Be exact. Print each record as it stands.

▼

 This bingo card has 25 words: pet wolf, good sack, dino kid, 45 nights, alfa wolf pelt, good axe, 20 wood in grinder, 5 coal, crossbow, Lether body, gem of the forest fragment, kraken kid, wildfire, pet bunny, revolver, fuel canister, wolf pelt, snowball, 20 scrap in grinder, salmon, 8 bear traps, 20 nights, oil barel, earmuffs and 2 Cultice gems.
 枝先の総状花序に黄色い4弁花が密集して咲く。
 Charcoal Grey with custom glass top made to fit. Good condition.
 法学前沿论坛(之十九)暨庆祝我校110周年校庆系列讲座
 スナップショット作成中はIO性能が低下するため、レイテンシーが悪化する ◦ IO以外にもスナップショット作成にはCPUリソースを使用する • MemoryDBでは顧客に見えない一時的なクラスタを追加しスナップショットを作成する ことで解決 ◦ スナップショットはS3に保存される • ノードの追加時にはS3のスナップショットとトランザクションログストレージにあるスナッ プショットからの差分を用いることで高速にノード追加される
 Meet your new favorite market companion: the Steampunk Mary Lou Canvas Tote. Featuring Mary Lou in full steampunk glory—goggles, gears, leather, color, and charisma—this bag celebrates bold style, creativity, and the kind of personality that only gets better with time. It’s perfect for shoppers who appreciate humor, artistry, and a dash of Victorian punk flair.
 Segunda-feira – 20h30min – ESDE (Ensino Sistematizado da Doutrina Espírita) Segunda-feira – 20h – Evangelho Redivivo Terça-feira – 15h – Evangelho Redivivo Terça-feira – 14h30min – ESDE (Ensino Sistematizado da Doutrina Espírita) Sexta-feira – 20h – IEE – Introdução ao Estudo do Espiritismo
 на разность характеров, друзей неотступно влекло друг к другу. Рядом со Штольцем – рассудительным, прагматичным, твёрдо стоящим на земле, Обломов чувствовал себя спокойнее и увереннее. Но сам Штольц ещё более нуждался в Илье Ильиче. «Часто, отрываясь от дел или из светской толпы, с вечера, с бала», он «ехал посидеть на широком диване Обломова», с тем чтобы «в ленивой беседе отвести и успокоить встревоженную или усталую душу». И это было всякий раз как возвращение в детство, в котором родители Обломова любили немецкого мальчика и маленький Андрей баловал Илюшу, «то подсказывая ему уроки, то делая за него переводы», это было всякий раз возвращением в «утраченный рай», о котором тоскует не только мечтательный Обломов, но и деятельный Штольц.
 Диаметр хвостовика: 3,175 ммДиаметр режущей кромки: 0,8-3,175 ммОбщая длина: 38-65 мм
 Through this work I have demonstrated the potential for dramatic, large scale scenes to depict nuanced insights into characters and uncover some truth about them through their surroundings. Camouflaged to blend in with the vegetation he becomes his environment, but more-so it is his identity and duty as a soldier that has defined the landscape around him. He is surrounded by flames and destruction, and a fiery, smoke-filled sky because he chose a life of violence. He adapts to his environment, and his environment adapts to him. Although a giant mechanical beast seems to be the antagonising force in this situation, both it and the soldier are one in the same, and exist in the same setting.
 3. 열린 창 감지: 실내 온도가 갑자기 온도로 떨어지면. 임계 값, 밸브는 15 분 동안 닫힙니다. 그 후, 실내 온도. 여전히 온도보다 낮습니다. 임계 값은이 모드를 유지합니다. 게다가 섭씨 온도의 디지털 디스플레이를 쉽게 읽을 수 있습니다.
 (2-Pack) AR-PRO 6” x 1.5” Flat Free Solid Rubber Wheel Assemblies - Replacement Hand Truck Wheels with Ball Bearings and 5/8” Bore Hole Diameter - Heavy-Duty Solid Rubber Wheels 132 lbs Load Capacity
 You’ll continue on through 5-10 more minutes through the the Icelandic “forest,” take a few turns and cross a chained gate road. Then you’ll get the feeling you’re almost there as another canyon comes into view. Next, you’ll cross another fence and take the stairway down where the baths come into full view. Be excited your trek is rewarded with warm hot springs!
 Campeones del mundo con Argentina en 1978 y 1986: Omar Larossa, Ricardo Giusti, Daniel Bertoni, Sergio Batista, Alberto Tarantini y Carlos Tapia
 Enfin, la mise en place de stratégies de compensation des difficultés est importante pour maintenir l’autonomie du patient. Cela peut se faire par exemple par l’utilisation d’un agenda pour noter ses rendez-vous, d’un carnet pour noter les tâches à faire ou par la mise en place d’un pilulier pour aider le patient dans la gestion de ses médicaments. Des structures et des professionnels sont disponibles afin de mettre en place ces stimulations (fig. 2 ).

▲

◆ Result of this exercise
 This bingo card has 25 words: pet wolf, good sack, dino kid, 45 nights, alfa wolf pelt, good axe, 20 wood in grinder, 5 coal, crossbow, Lether body, gem of the forest fragment, kraken kid, wildfire, pet bunny, revolver, fuel canister, wolf pelt, snowball, 20 scrap in grinder, salmon, 8 bear traps, 20 nights, oil barel, earmuffs and 2 Cultice gems.
 枝先の総状花序に黄色い4弁花が密集して咲く。
 Charcoal Grey with custom glass top made to fit. Good condition.
 法学前沿论坛(之十九)暨庆祝我校110周年校庆系列讲座
 スナップショット作成中はIO性能が低下するため、レイテンシーが悪化する ◦ IO以外にもスナップショット作成にはCPUリソースを使用する • MemoryDBでは顧客に見えない一時的なクラスタを追加しスナップショットを作成する ことで解決 ◦ スナップショットはS3に保存される • ノードの追加時にはS3のスナップショットとトランザクションログストレージにあるスナッ プショットからの差分を用いることで高速にノード追加される
 Meet your new favorite market companion: the Steampunk Mary Lou Canvas Tote. Featuring Mary Lou in full steampunk glory—goggles, gears, leather, color, and charisma—this bag celebrates bold style, creativity, and the kind of personality that only gets better with time. It’s perfect for shoppers who appreciate humor, artistry, and a dash of Victorian punk flair.
 Segunda-feira – 20h30min – ESDE (Ensino Sistematizado da Doutrina Espírita) Segunda-feira – 20h – Evangelho Redivivo Terça-feira – 15h – Evangelho Redivivo Terça-feira – 14h30min – ESDE (Ensino Sistematizado da Doutrina Espírita) Sexta-feira – 20h – IEE – Introdução ao Estudo do Espiritismo
 на разность характеров, друзей неотступно влекло друг к другу. Рядом со Штольцем – рассудительным, прагматичным, твёрдо стоящим на земле, Обломов чувствовал себя спокойнее и увереннее. Но сам Штольц ещё более нуждался в Илье Ильиче. «Часто, отрываясь от дел или из светской толпы, с вечера, с бала», он «ехал посидеть на широком диване Обломова», с тем чтобы «в ленивой беседе отвести и успокоить встревоженную или усталую душу». И это было всякий раз как возвращение в детство, в котором родители Обломова любили немецкого мальчика и маленький Андрей баловал Илюшу, «то подсказывая ему уроки, то делая за него переводы», это было всякий раз возвращением в «утраченный рай», о котором тоскует не только мечтательный Обломов, но и деятельный Штольц.
 Диаметр хвостовика: 3,175 ммДиаметр режущей кромки: 0,8-3,175 ммОбщая длина: 38-65 мм
 Through this work I have demonstrated the potential for dramatic, large scale scenes to depict nuanced insights into characters and uncover some truth about them through their surroundings. Camouflaged to blend in with the vegetation he becomes his environment, but more-so it is his identity and duty as a soldier that has defined the landscape around him. He is surrounded by flames and destruction, and a fiery, smoke-filled sky because he chose a life of violence. He adapts to his environment, and his environment adapts to him. Although a giant mechanical beast seems to be the antagonising force in this situation, both it and the soldier are one in the same, and exist in the same setting.
 3. 열린 창 감지: 실내 온도가 갑자기 온도로 떨어지면. 임계 값, 밸브는 15 분 동안 닫힙니다. 그 후, 실내 온도. 여전히 온도보다 낮습니다. 임계 값은이 모드를 유지합니다. 게다가 섭씨 온도의 디지털 디스플레이를 쉽게 읽을 수 있습니다.
 (2-Pack) AR-PRO 6” x 1.5” Flat Free Solid Rubber Wheel Assemblies - Replacement Hand Truck Wheels with Ball Bearings and 5/8” Bore Hole Diameter - Heavy-Duty Solid Rubber Wheels 132 lbs Load Capacity
 You’ll continue on through 5-10 more minutes through the the Icelandic “forest,” take a few turns and cross a chained gate road. Then you’ll get the feeling you’re almost there as another canyon comes into view. Next, you’ll cross another fence and take the stairway down where the baths come into full view. Be excited your trek is rewarded with warm hot springs!
 Campeones del mundo con Argentina en 1978 y 1986: Omar Larossa, Ricardo Giusti, Daniel Bertoni, Sergio Batista, Alberto Tarantini y Carlos Tapia
 Enfin, la mise en place de stratégies de compensation des difficultés est importante pour maintenir l’autonomie du patient. Cela peut se faire par exemple par l’utilisation d’un agenda pour noter ses rendez-vous, d’un carnet pour noter les tâches à faire ou par la mise en place d’un pilulier pour aider le patient dans la gestion de ses médicaments. Des structures et des professionnels sont disponibles afin de mettre en place ces stimulations (fig. 2 ).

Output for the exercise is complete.